How do you prepare someone to teach an online course that will be to their comfort and their students’, given those may be different things?

D. Different ways
When I first got into online learning I tried 3 different courses. Short, long; for credit, free, etc, so I had a broad view of what ELearning could be. I kept doing that until I don’t think there’s a new way of doing ELearning that i haven’t tried or plan to try. It’s really hard to give faculty that kind of experience when introducing them to ELearning.

What’s the point of this post?

Michael mentioned how important it is for teachers to experience a good online course as learners in order to be good online teachers. In my meeting with his department, they highlighted how learning in a fully online course made faculty more successful later in teaching blended – and it made me realize how blending a workshop about blending makes faculty rely too much on f2f and less on online – so maybe we need to really meet them less often. Maybe just once or twice or not at all. I don’t know. But I also don’t know offhand if designing well with a good caring instructor will be enough if learners aren’t hungry. If they aren’t comfortable. If the fit just doesn’t work. I can think of ways of allowing different pathways and helping them set their own direction, etc. But the hunger part? I don’t think you can work on that in the way chefs work on smell and visuals to intice people to taste. Or can you?

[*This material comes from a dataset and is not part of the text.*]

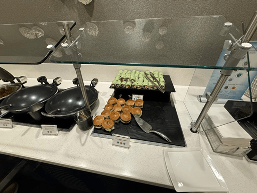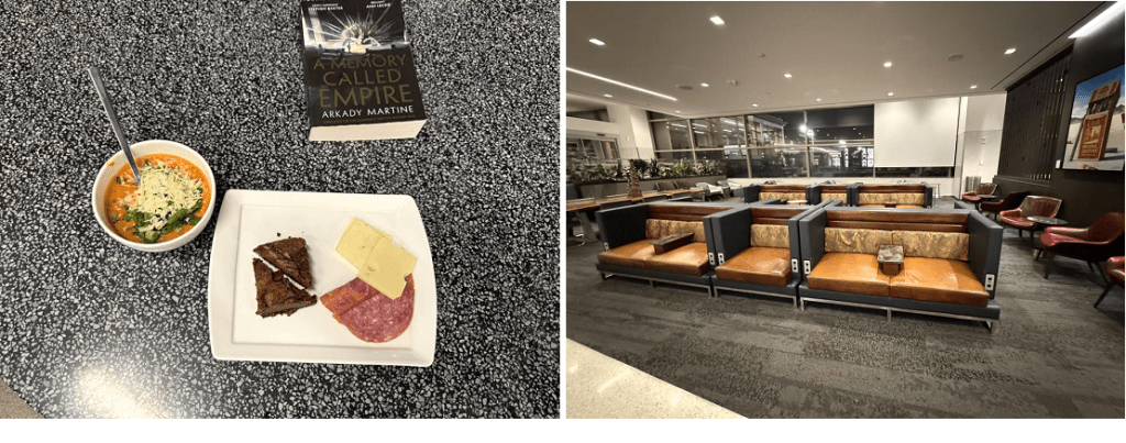 So I’ll have to do a more substantive review in a future post. That’s also part of the reason for combining these two flights into one post. But suffice it to say that at this time in the evening, there was virtually no one in the lounge, and only some remnants of food were on offer.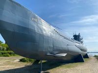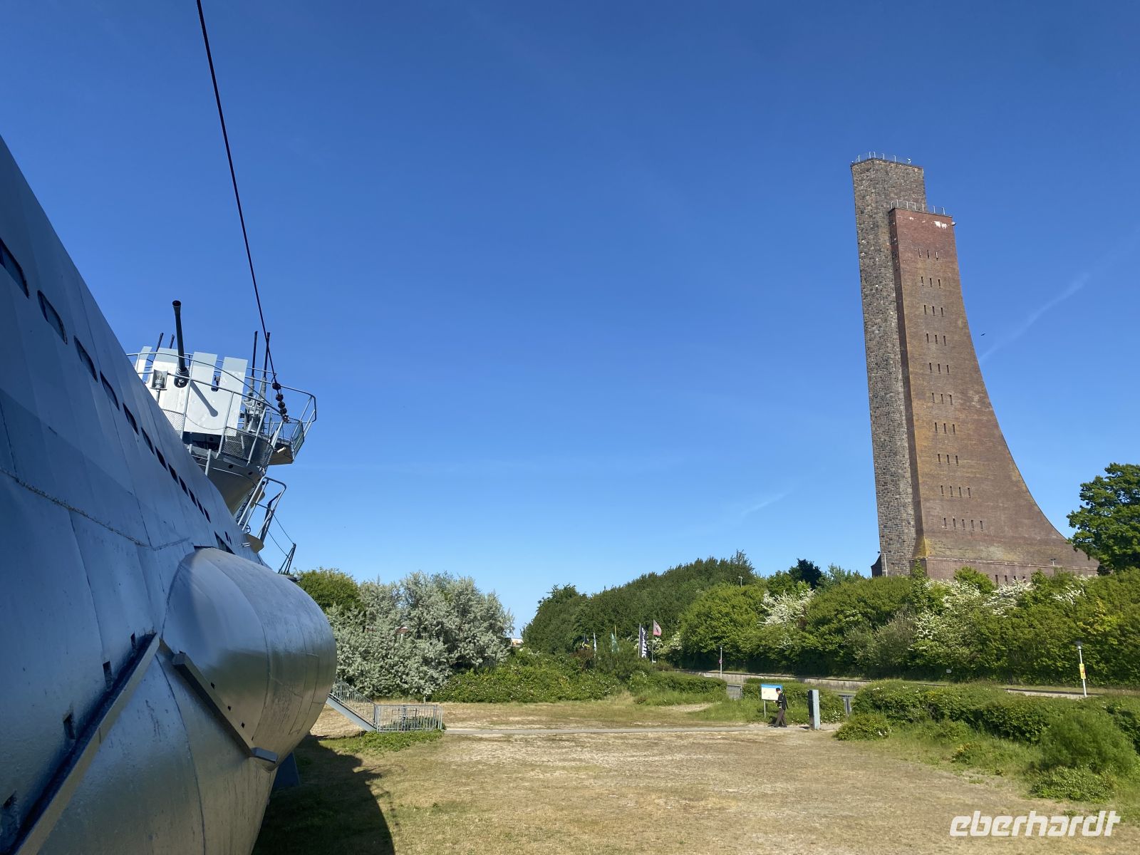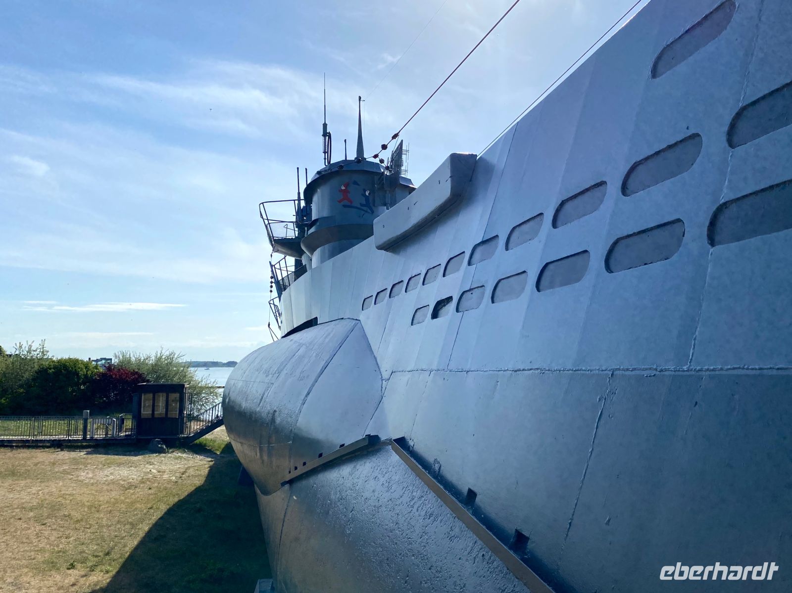 Wir haben noch Zeit vor der Anfahrt, das Wetter ist prächtig, es ist noch ein Abstecher ins nahe Ostseebad Laboe drin. Hier kann man die Gedenkstätte der Deutschen Marine mit ihrem U‑Boot oder ganz einfach den herrlichen Strand genießen – oder sogar noch schnell ins Wasser hüpfen!

One thought on “Online Learning Experiences that Shape Us

  1. You’ve certainly touched on some important factors linked to why I enjoyed and became an advocate for online learning, integrated tech in teaching and learning, and connecting people to purpose. Being ‘hungry’ for the opportunities that teaching with technology can bring is one way to ensure success. But not everyone knows what the ‘meal’ may be or even know what’s on the menu. Then it’s comfort, fit and variety that will keep teachers and learners coming back for more.

    I agree that teaching online is very different than teaching F2F, and teaching with tech in F2F classrooms is also very different. Experiencing, seeing, playing, trying and making mistakes may not be optimal in higher ed teaching but it would work if there’s a guide or model. Those who have effective online courses should be visible, share their thinking, even when mistakes get made.

    Your final question digs into my thinking about wayfinding – smells and aroma may lead people to the meal, image and presentation of the meal may entice them to try it, and the flavours will keep them at the table. All these are part of the wayfinding experience in digital learning spaces. Those who design digital learning/teaching places need to keep the full range of senses activated and engaged. Those who come to the table need to be open to the possibilities.